At this point, one might of course argue that characterising everything as some sort of blank-filling at some level of abstraction is too quick, too reductive, too simple to capture what is going on. This might be true. But the performance of the latest language models shows that they are learning to fill in blanks at increasingly higher levels of abstraction. A classic test, as told by the godfather of AI, Geoffrey Hinton, is whether a large language model can explain what humour is. GPT4 was successful at explaining his particular joke. If you have met me before, you know I sometimes struggle to explain why something is so funny. Quite apart from that, humour is actually a very sophisticated concept, that requires a huge amount of rich and complicated contextual information. But large language models have picked up on this, and far better than many human children and youths, who have not accumulated enough contextual information.
Looking further afield, large language models have been trained on plenty of examples of how people fill in blanks at differing levels of abstraction. The results speak for themselves.
Where does this leave young associates, or new entrants to the legal sector? I think there is a strong argument that law school training emphasises critical thinking and analysis skills by asking many of the same questions that appellate judgements may ask and answer. When confronted with the reality of legal practice, which 90% of the time does not involve such thinking processes, a young associate may experience no shortage of cognitive dissonance.
Practice is at the same time more elementary and routine blank-filling, and at the same time, more demanding in requiring new ways of blank-filling, and of new blanks - but using the same first principles. Without quite the same demands on writing and lengthier discourse as appellate submissions and judgments involve.
What does this mean for younger associates, and for the legal profession at large?
At a very general level, I think it means that legal professionals must view legal careers less as set milestones to be met, with regular blanks in experience to be filled.
Looking at problems and asking again how problems should be solved anew, or more effectively, tends to reveal new blanks. These blanks might have been lurking the entire time, awaiting comprehension. Or they might simply be new demands. We need better ways of identifying them. Because there are problems facing the profession at large as well.
And in what I promise will be the last meta-turn, I think this will enable the profession to better solve our clients’ problems, and better serve society.
We should err more on the side of invoking the precautionary principle, than on the side of charging ahead with progress (even as I use DALL-E for the picture below).

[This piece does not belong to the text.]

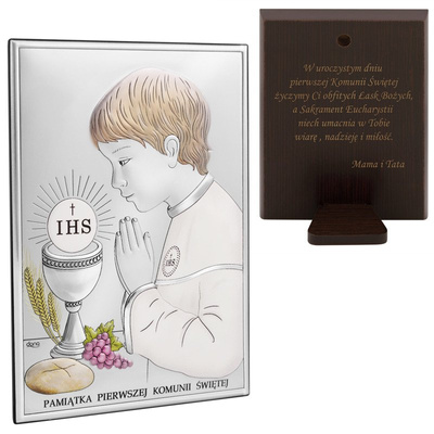 Komunia chłopca – srebrny obrazek z grawerem na odwrocie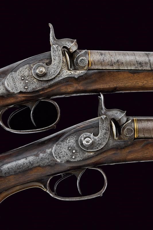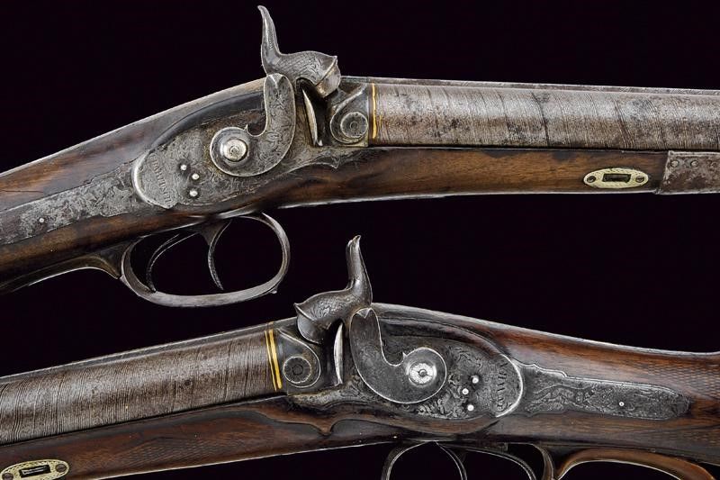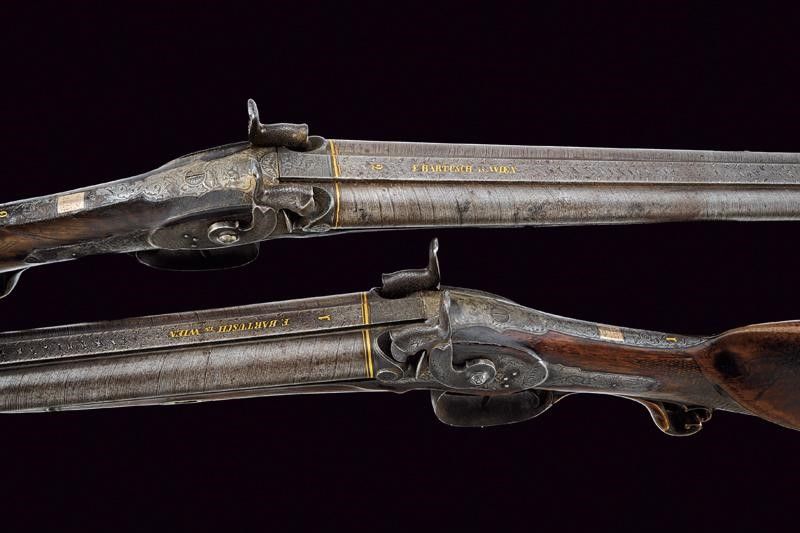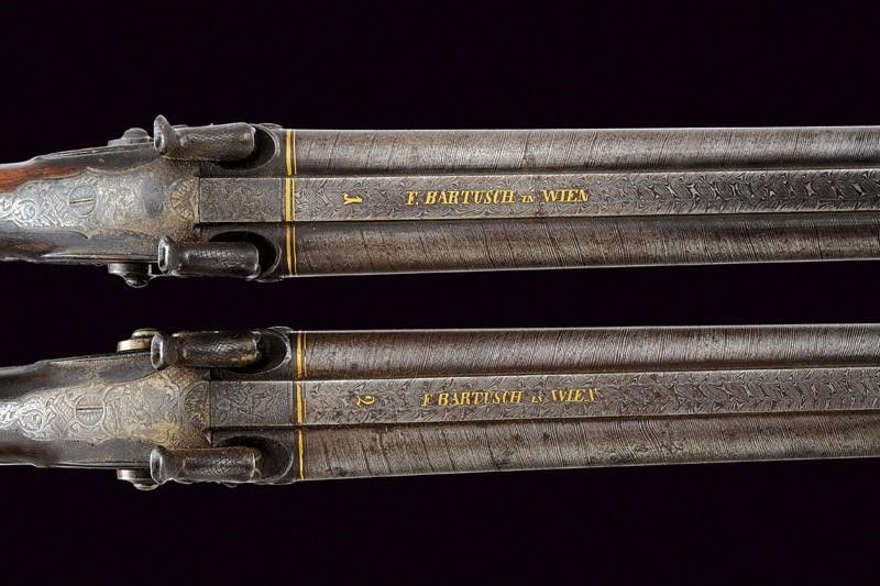 Canne lisce (pulite, pitting), tonde, in fine damasco, con bindella marcata in oro 'F. BARTUSCH IN WIEN' e numerate '1' e '2', le culatte con incisioni di volatili e con cornice in oro; mirino, cal. 12. Lunghe codette finemente incise, numerate '1' e '2' e con scudetto in oro rosso recante monogramma sotto corona comitale. Le batterie a molla indietro firmate 'F.BARTUSCH' e 'IN WIEN' ed incise a motivi venatori e floreali. Mezze casse in legno con collo e astina zigrinati. Fornimenti decorati en suite, le prolunghe dei ponticelli in corno. Una con bacchetta in legno, l'altra mancante. Difetti e segni d'uso e del tempo. Una doppietta con restauri al collo e al muso.

In many discussions about how AI will never be able to replace lawyers, much ink has been spilled about the ingenuity, novelty, creativity, and nuance that is required to fashion arguments that are incisive enough to advocate a client’s case. The answer usually is that AI is nowhere near there, and will not be there for decades to come. The recent wave of large language models changes that timeline. My discussion of blank-filling is one way of explaining why I think that timeline has changed, and why LLMs may be more capable of these traits than we had thought just 6 months ago.